*** Begin section ***

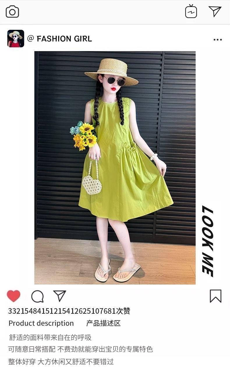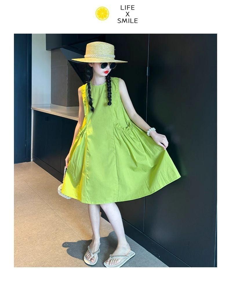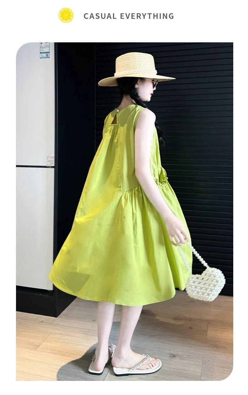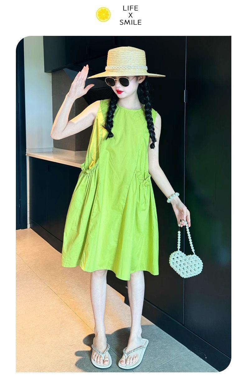 Vestido de Verano para Niña 2025 Nuevo Estilo Moda Vestido sin Mangas para Niña Fresco Ropa de Verano para Niños Grandes Vestido Delgado
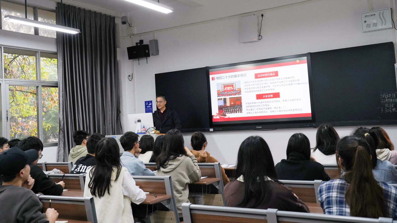 余棉水带着同学们一起回顾了党的十九届六中全会决议、党的二十大报告,他指出习近平新时代中国特色社会主义思想是对马克思列宁主义、毛泽东思想和中国特色社会主义理论体系的继承和发展,实现了马克思主义中国化时代化新的飞跃。在报告中,余棉水重点和同学们一起学习了二十大报告的第五章节“实施科教兴国战略,强化现代化建设人才支撑”,他说到职业教育未来前途广阔、大有可为,随着产业结构加速优化升级,各行各业对高素质的技能型人才的需求越来越迫切,职业教育在经济发展中的作用越来越明显,将为促进经济社会发展和提高国家竞争力提供有力的支撑。作为新时代大学生,同学们正处在重要的战略机遇时期,在校期间,应当大胆作为,力争成为高素质技术技能人才,以“能工巧匠”“大国工匠”作为自己的职业理想!
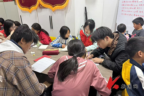 活动中,工作室教师与柏剑深入交流,探讨后续帮扶计划。学生党员为孩子们分发水果、学习用品,并耐心辅导孩子们完成日常作业。孩子们集体背诵《少年中国说》《大学》,展现了传统文化传承的力量。
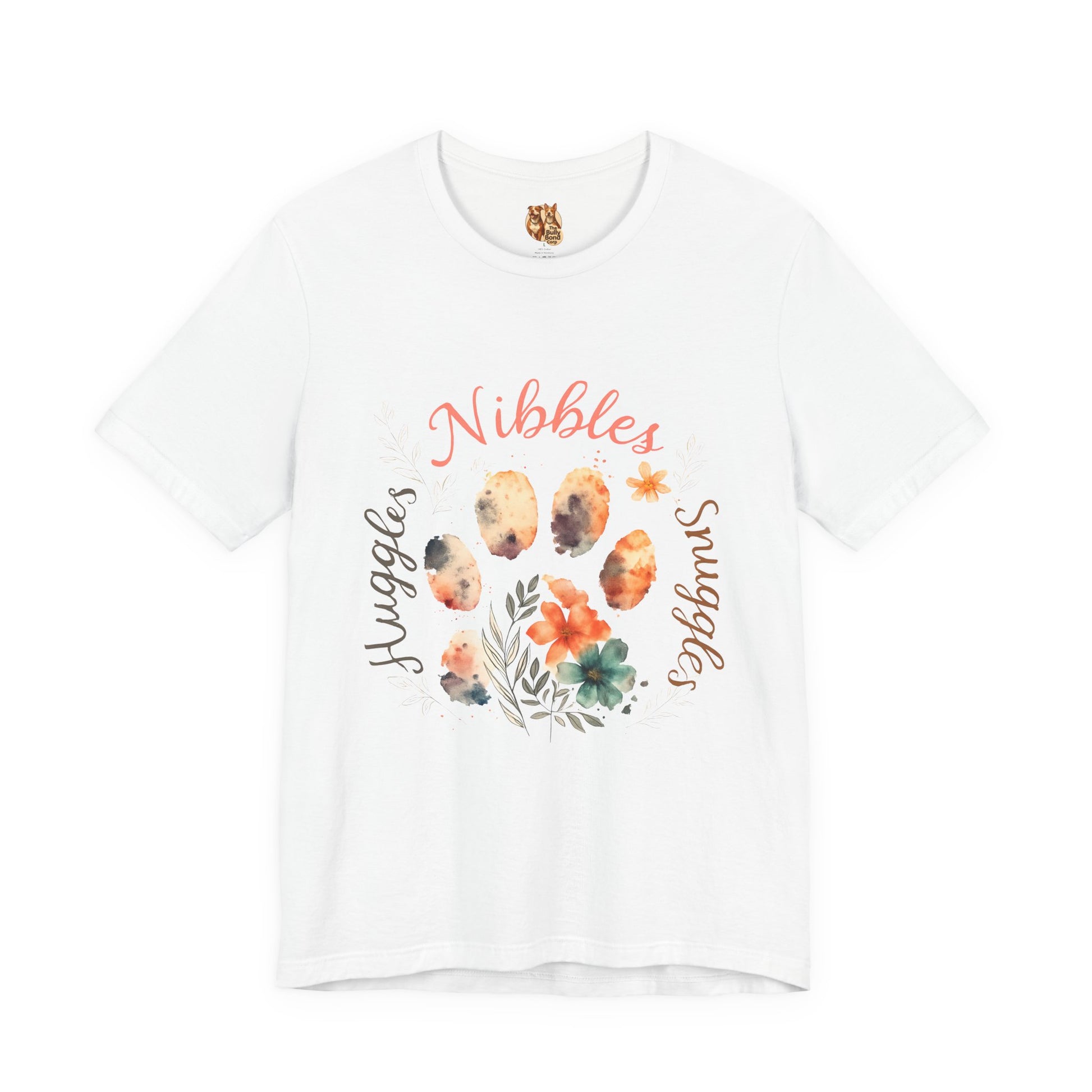 Huggles Nibbles Snuggles Watercolor Pawprint Floral Ladies Tee – Artistic Pet Mom Gift
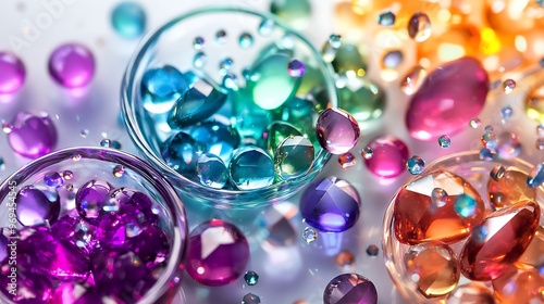 © Keattipoom, Naklejka premium Radiant Liquid Gems Overflowing into Miniature Bowls on White Background
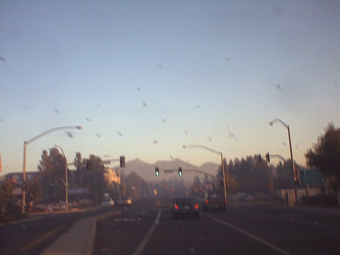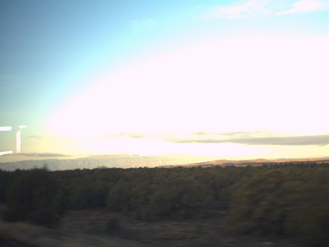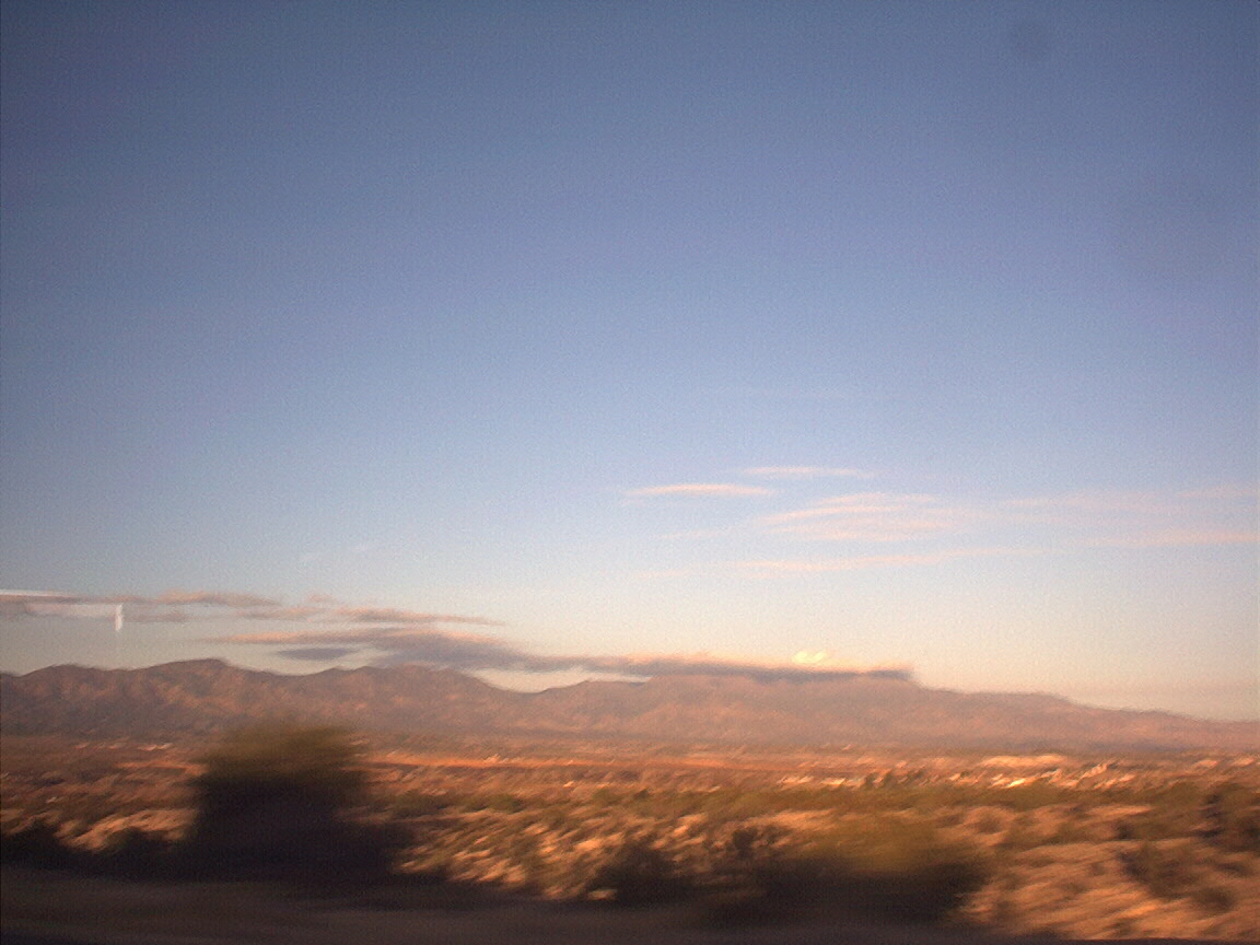 Sunrise and mountains outside of Flagstaff from bus
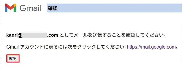 - Gmail確認画面が表示されたら【確認】をクリックする
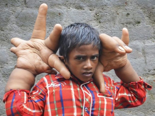 Чыгыш Индияда жашап жаткан сегиз жаштагы Калим туулганда эле өзгөчө жаралган бала. Анын башкалардан өзгөчөлүгү – ар бир манжасынын салмагы 8 кило, ал эми узундугу – 33 сантиметр. Мунун айынан ал күнүмдүк жашоодо керектүү нерселерди өз алдынча жасай албайт. Ата-энеси Калимди даргерлерге көрсөтүп, дарылаткысы келет. Бирок, алардын колун жокчулук байлап турат. Тагыраак айтсак, анын ата-энеси күнүмдүк иштеп тапкан акчанын көлөмү – 22 доллар гана. Дарыгерлер баланын манжасында ашыкча шишик бар деген болжол айтышууда. Кандай болгон күндө да, азыр жергиликтүү дарыгерлер Калимдин ден соолугун кантип калыбына келтирүү жактарын ойлонуштуруп жатышат.

*** End section ***

--- Description of the task ---
Everything above from the line with "Sunrise and mountains" through the line with "- Gmail確認画面が表示されたら【確認】をクリックする" should be retyped exactly, and nothing else; omit pictures.

--- Your solution ---
 Sunrise and mountains outside of Flagstaff from bus
 - Gmail確認画面が表示されたら【確認】をクリックする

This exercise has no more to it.